[INFORMATION SUPPLIED]
=== Section Start ===

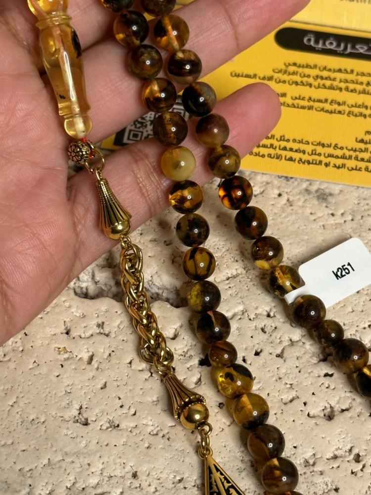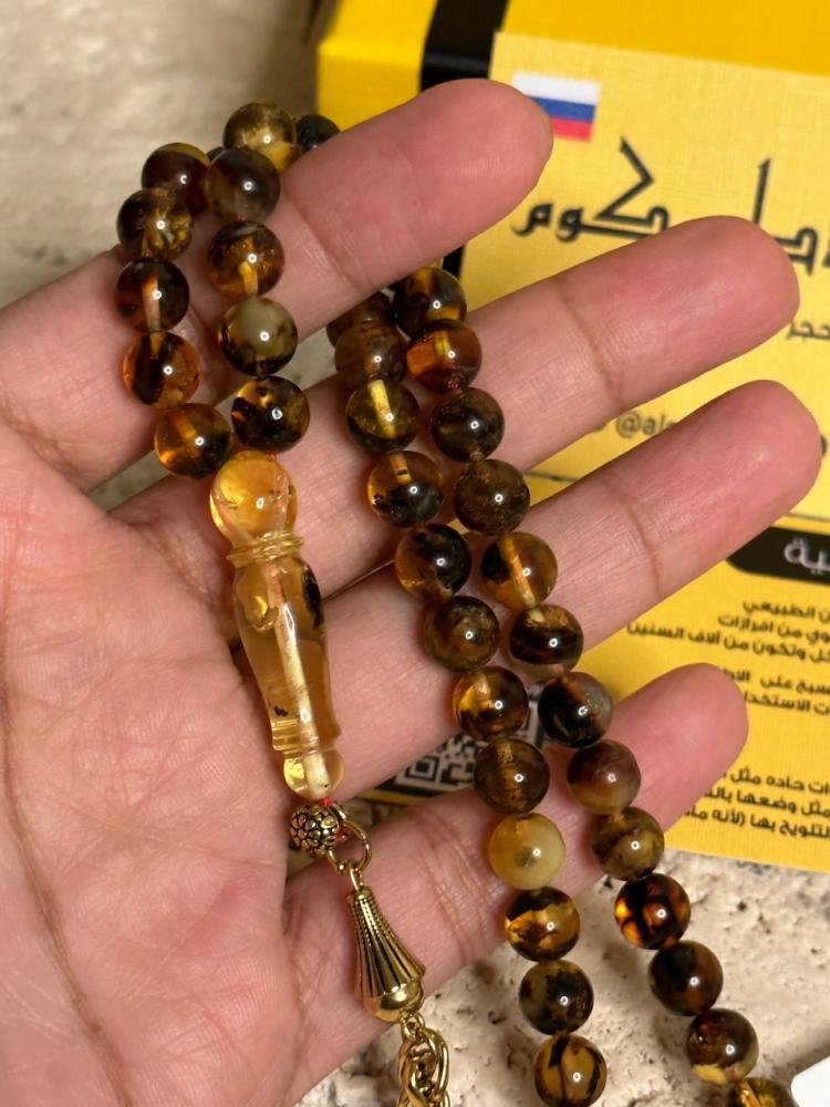 الكهرمان حجر عضوي ومن ميزته انه يكون خفيف الوزن واخف من اي سبحة ممكن تشوفه وصوت الخرز رنان يشبه صوت القزاز
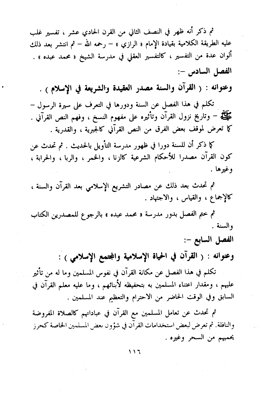 الفصل السادس -: وعنوانه: (القرآن والسنة مصدر العقيدة والشريعة في الإسلام).
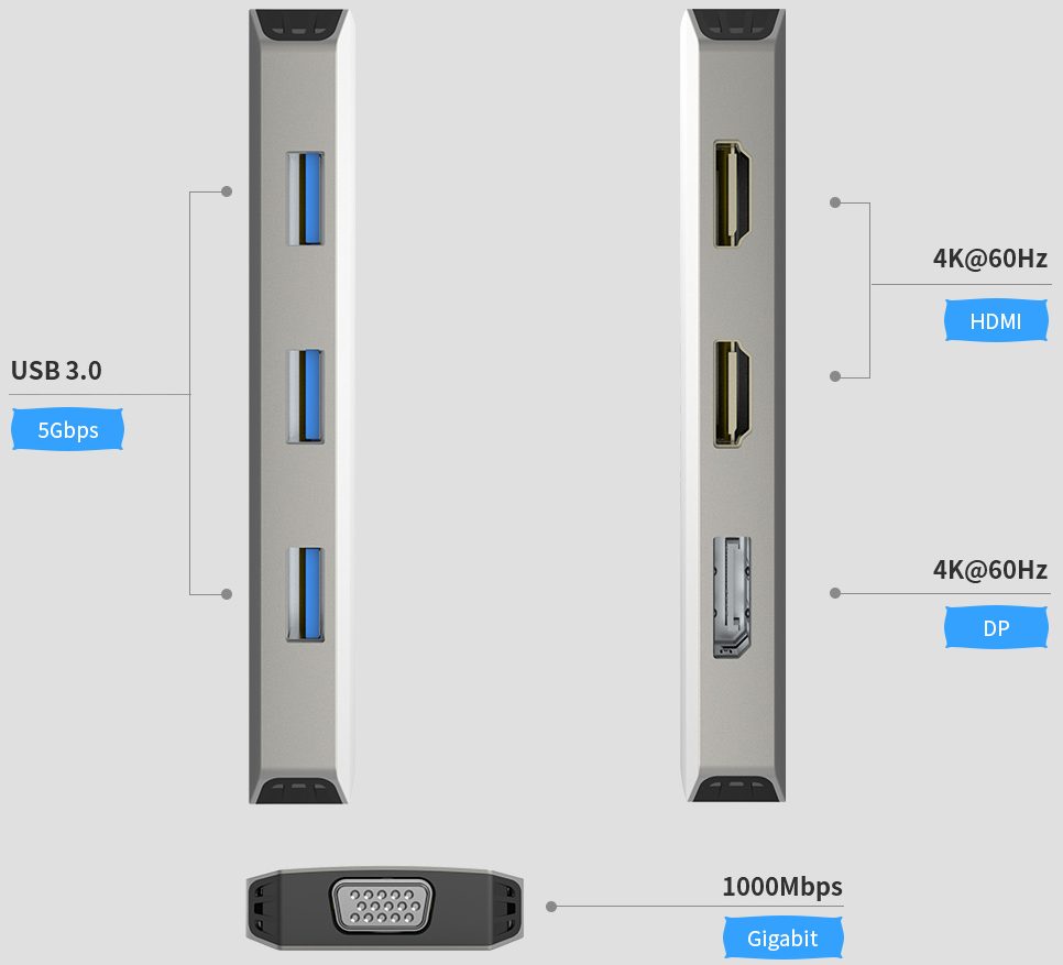 תחנת העגינה כוללת יציאת DisplayPort, שני חיבורי HDMI ויציאת VGA – המאפשרים חיבור של עד שלושה צגים ברזולוציה גבוהה של עד 4K. השילוב המתקדם תורם לתצוגה חדה ומורחבת, אידאלית למשתמשים שזקוקים לשטח עבודה חזותי גדול יותר – בין אם לעבודה משרדית, עריכת תוכן או ניהול מספר משימות במקביל.

=== Section End ===

[PROBLEM] Output the material above word for word. Leave out its images.

[OUTPUT OF THE TASK]
 الكهرمان حجر عضوي ومن ميزته انه يكون خفيف الوزن واخف من اي سبحة ممكن تشوفه وصوت الخرز رنان يشبه صوت القزاز
 الفصل السادس -: وعنوانه: (القرآن والسنة مصدر العقيدة والشريعة في الإسلام).
 תחנת העגינה כוללת יציאת DisplayPort, שני חיבורי HDMI ויציאת VGA – המאפשרים חיבור של עד שלושה צגים ברזולוציה גבוהה של עד 4K. השילוב המתקדם תורם לתצוגה חדה ומורחבת, אידאלית למשתמשים שזקוקים לשטח עבודה חזותי גדול יותר – בין אם לעבודה משרדית, עריכת תוכן או ניהול מספר משימות במקביל.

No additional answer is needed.